[1068] in java-interest
so much to do, so little time...
daemon@ATHENA.MIT.EDU (Cimarron Taylor)
Thu Aug 17 23:20:37 1995
From: Cimarron Taylor <cimarron@acgeas.com>
Date: Thu, 17 Aug 1995 17:42:40 -0700
To: java-interest@java.sun.com
cc: cimarron@irvin.acgeas.com
Some thoughts..
Java is an excellent piece of software engineering.
I want to see it become widely accepted and available. I'd
like to see a software economy emerge in which Java has many
independent suppliers of runtimes, compilers, and development
tools.
One thing I like about Java is that the overall "rules" are
broken occasionally for very good reasons which in general do
not hamper its acceptance. For instance, Java has base types
as well as objects, and + is a syntatic shorthand for string
concatenation. I think these exceptions are ligitimate because
they have made it easier for me to get started with Java.

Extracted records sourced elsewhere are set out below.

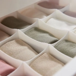 1× drawer for bras; 1× drawer with 15 compartments (socks); 1× drawer with 10 compartments (panties); 1× universal drawer without dividers
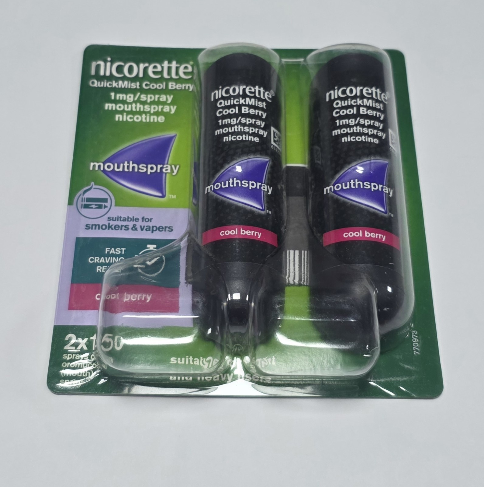X1 DUO Nicorette Quickmist Cool Berry Nicotine Mouthspray 2 x 150 Sprays
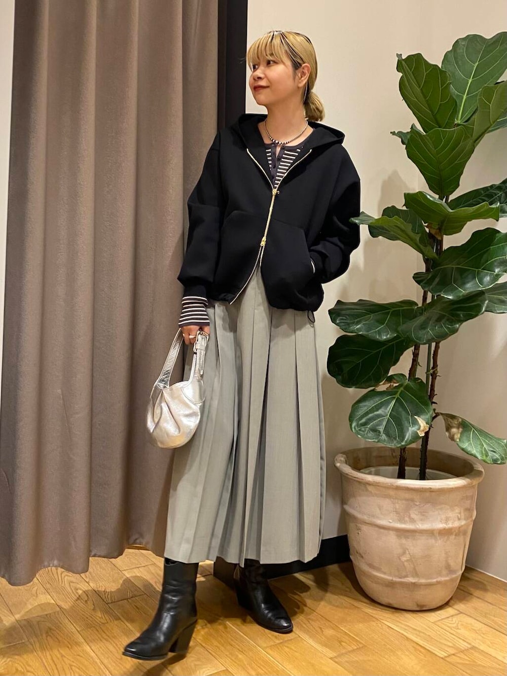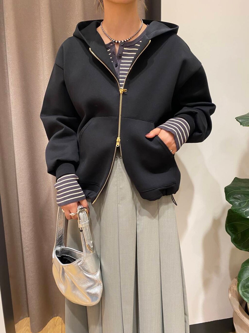 パーカーはダブルジップになっていて、下から開けて着るのがポイントです!サイドにしぼりもあるので、ぎゅっと丸みのあるシルエットで🤍
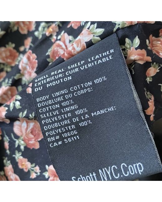 This is a Schott Bros (Schott NYC) black leather motorcycle jacket featuring a distinctive floral lining. Schott NYC is a well-known American brand famous for producing iconic leather jackets.
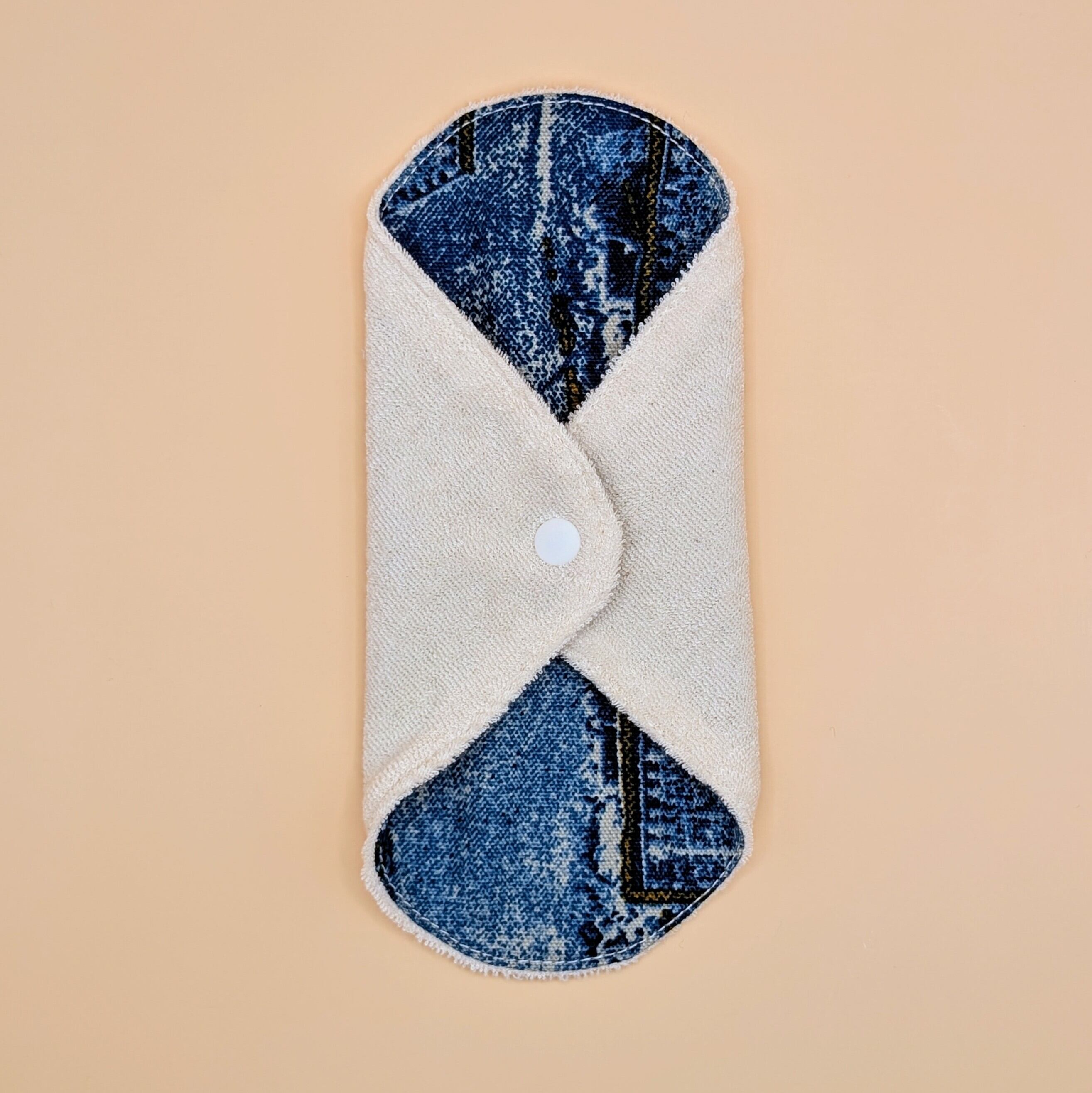 お洒落でカジュアルなデニム柄です。肌に触れる面も縫い糸まで、すべてオーガニックコットンで仕立てた布ライナー。
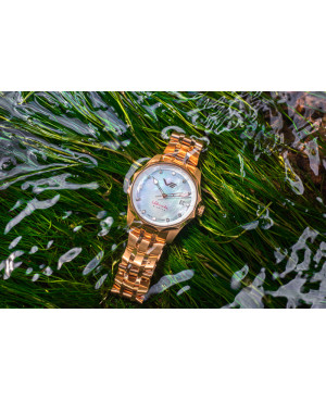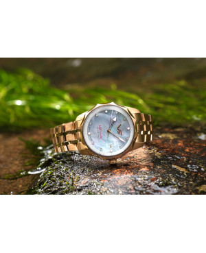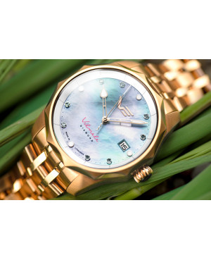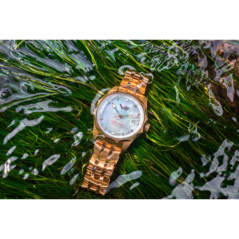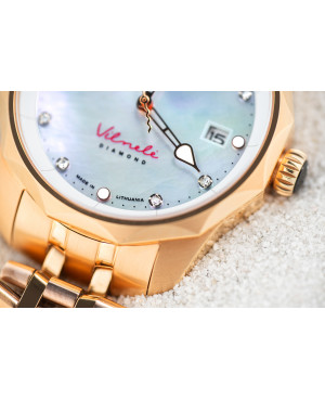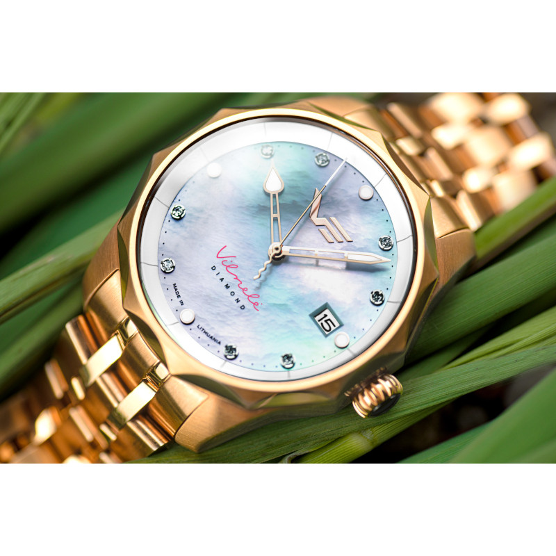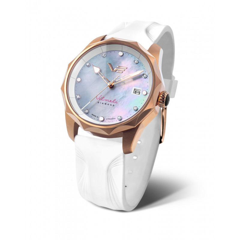 Zegarki Vilnelė to hołd dla naturalnego piękna i ruchu wody – charakteryzują się zakrzywionymi liniami kopert, falistymi lunetami i tarczami, które mienią się niczym powierzchnia rzeki odbijająca światło. Modele z chronografem podkreślają dynamikę poprzez głębokie, gradientowe tarcze, natomiast wersje solarne łączą masę perłową z diamentowymi detalami, nawiązując do harmonii i delikatności natury.

Adding generalized operator overloading is un-necessary, and
will not improve the language. In some places it already
suffers from too much overloading (e.g. "."). The mailing
list correspondence demonstrates that the existing overloading
of "." is slowing the efforts of Terrance and John to develop
a Java parser.
To put it simply, nothing I am doing now with Java would
improve if Java had overloaded operators. I'm afraid that
adding them will only diminish its acceptance by slowing
development efforts.
I think removing the existing operator overloading, and
resolving some of the other ambiguities could speed the
development of further tools which will improve its overall
acceptance more than adding more operator overloading will.